Nutanix Adds Ransomware Protection Inside Its Unified Storage for HCI

The News: Nutanix improved its cyber resilience with new ransomware detection and recovery features in Nutanix Unified Storage and its Data Lens security as a service (SaaS) security application. You can read the press release on the Nutanix website.

Nutanix Adds Ransomware Protection Inside Its Unified Storage for HCI

Analyst Take: Data Lens provides file analytics and reporting, anomaly detection, audit trails, and ransomware protection for Nutanix Files. It is designed to proactively assess and mitigate security for unstructured data and compliance risks. Its new capabilities include:

  • Ransomware Detection and Blocking Within 20 Minutes: Proactive detection combined with automated response helps quickly block attacks and minimizes ransomware’s impact.
  • Ransomware 1-Click Recovery: Nutanix Data Lens and Nutanix Unified Storage will identify the last known good snapshot and automatically recover the share from the snapshot. Customers will have the option of automated or manual recovery to quickly restore normal operations.
  • Permission Visibility and Risk Visualization: Data Lens identifies the root cause of access control risks and monitors a risk score to track vulnerabilities within data and user groups.

Nutanix already had ways to deal with ransomware, such as immutable snapshots of virtual machines, but had a gap for protecting shared storage. With its new capabilities, Data Lens recommends the last good snapshot for a restore point and provides customers with a list of every affected file – those files that were created or modified after the ransomware attack. It uses signature-based detection techniques and behavioral pattern detection such as client IP, user account details, file activity, and other behavioral detection markers, to provide security and visibility against threats. The goal of the added cyber resilience is to not only make ransomware detection faster but also easier for Nutanix Cloud Platform HCI customers to manage.
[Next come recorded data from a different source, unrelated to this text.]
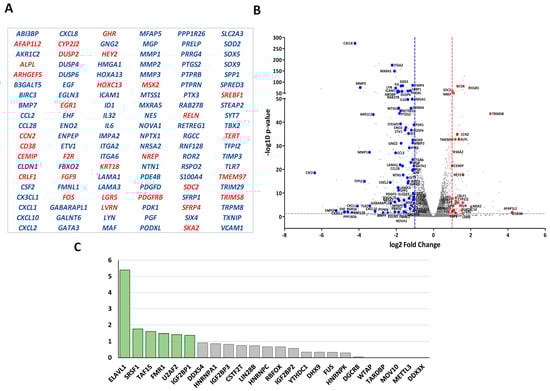 RBP candidates to be regulated by LOXL2: (A) List of differentially expressed genes in LOXL2-silenced cells with a described role in EMT. Up- and downregulated genes are marked in red and blue, respectively. (B) Volcano plot showing LOXL2-regulated EMT-related genes. The cutoffs were established at the log2 fold change > 1.0 (red line) or <−1.0 (blue line) and the p-value < 0.05 (grey line). Red and blue dots denote up- and downregulated EMT-related genes, respectively. (C) Enrichment plot of RBPs’ targets in the EMT-related signature relative to the non-EMT-related signature. The p-values were obtained by using Fisher’s exact test to compare the number of targets in both groups of genes. A p-value < 0.05 was considered statistically significant. Boxes marked in green represent significantly enriched RBPs.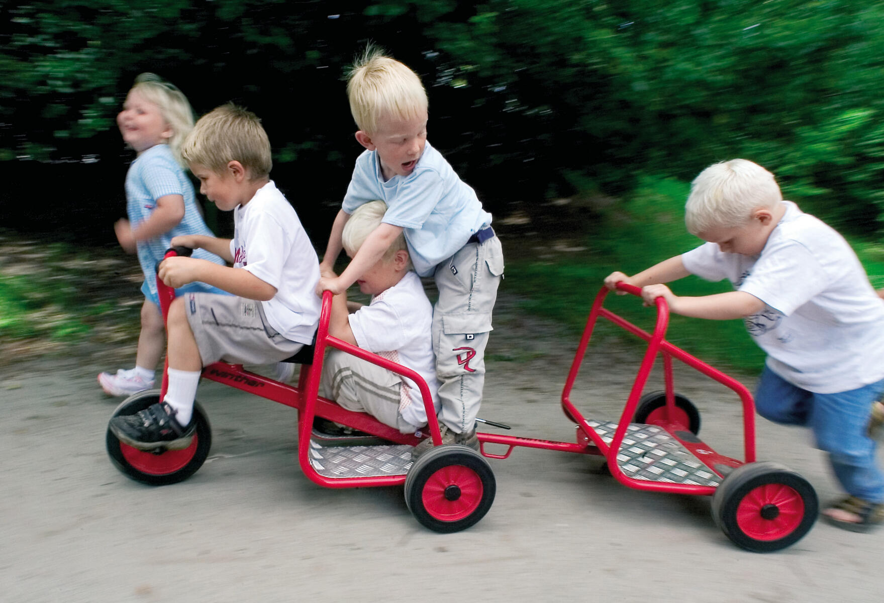 En paket med roliga cyklar med plats för extra passagerare. Utvecklar barnens sociala samspel och samarbetsförmåga. Fotplatta av slitstarkt aluminium, som är lätt att rengöra. Kullagerhjul både fram och bak. Levereras färdigmonterad. Längd: 112 cm. Bredd: 78 cm. Höjd: 71 cm. Sitthöjd: 43 cm. PVC-fri. Från 4 år.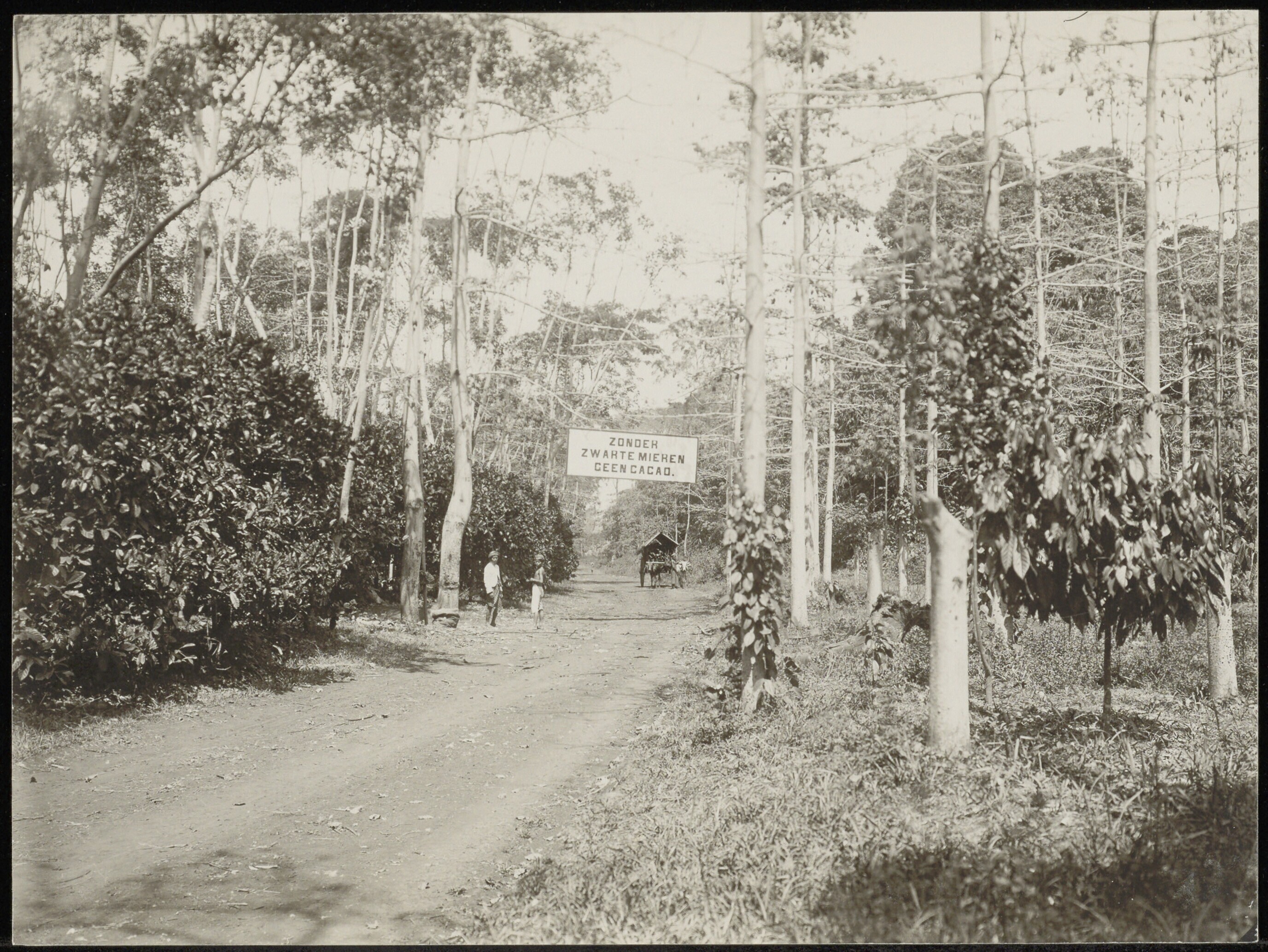 Gezicht op een cacao-tuin aan de rechterzijde, waartussen kapokbomen met links een Liberia koffietuin
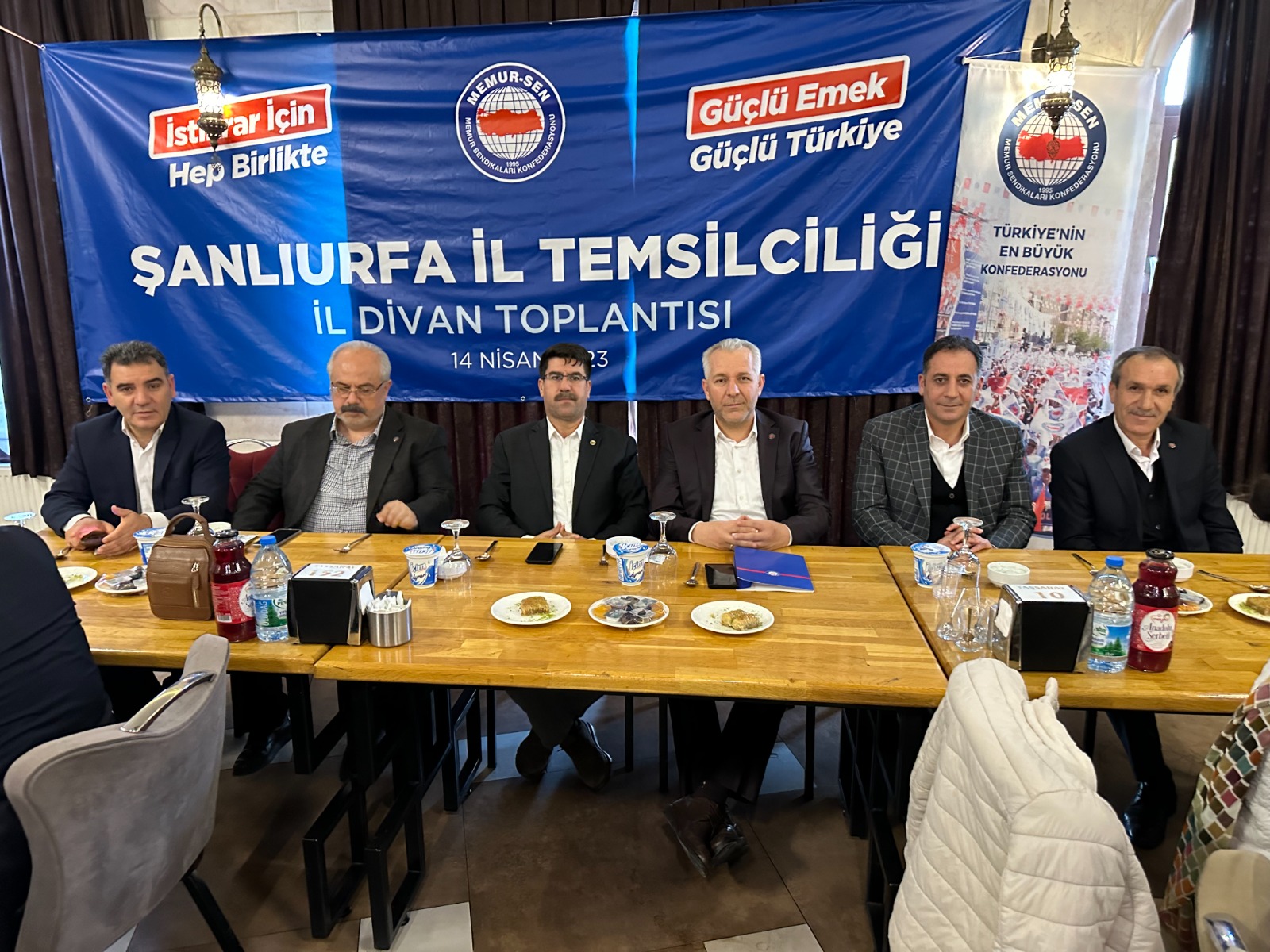 İl divan programında konuşan Memur-Sen Şanlıurfa İl Temsilcisi İbrahim Coşkun ise "15 Mayıs mutabakatına doğru gittiğimiz bu süreçte teşkilat olarak sahada ulaşılmadık kimse, ayak basılmadık iş yeri bırakmamalıyız. Kalan bir aylık süreyi iyi değerlendirmeli, 1 milyon 100 bine yürüyen üye sayısı hedefi için çalışmalı, Zirvedeki çıtamızı çok daha yukarılara koymak için gayretimizi sürdürüyoruz. İnşallah 15 Mayıs’ta üye sayımızı çok daha iyi noktalara getireceğiz” diye konuştu.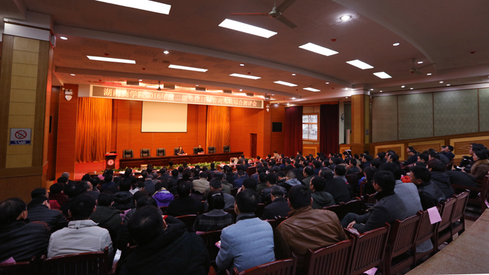 1月9日、10日,学校2016年度二级单位目标管理考核综合测评会在图书馆多功能报告厅召开。全体在校校领导出席测评会,会议由副校长彭进清主持。全体副处级以上干部,各二级学院教授、博士代表,各二级非教学单位教职工代表参加测评会。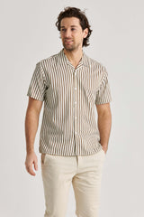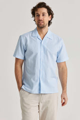 En stilren resortskjorta i luftig seersucker, perfekt för varmare dagar. Den unika strukturen i tyget ger en sval och behaglig känsla samtidigt som den håller sig snyggt skrynkelfri. Avslappnad passform med resortkrage, perfekt att bära både uppknäppt över en t-shirt eller som den är till chinos eller shorts.

Nutanix also added object storage support to Data Lens. Data Lens now includes data lifecycle management, auditing, and reporting features for Nutanix Objects Storage.

Looking Ahead

The onslaught of ransomware attacks has made cyber resilience a board-level concern, and C-level leadership recognizes the direct correlation between data resilience and recoverability, with their overall ability to minimize the potential fallout (downtime and data loss) from cyberattacks. The Enterprise Cloud Index global research study conducted by Nutanix found that 93% of organizations said they need to be better prepared for ransomware attacks.

With this in mind, primary data storage, data protection, and data management vendors alike are responding with tools to empower IT to be more proactive when it comes to identifying and stopping attacks, and to minimize recovery point objectives (RPOs) and recovery time objectives (RTOs). Nutanix is no exception.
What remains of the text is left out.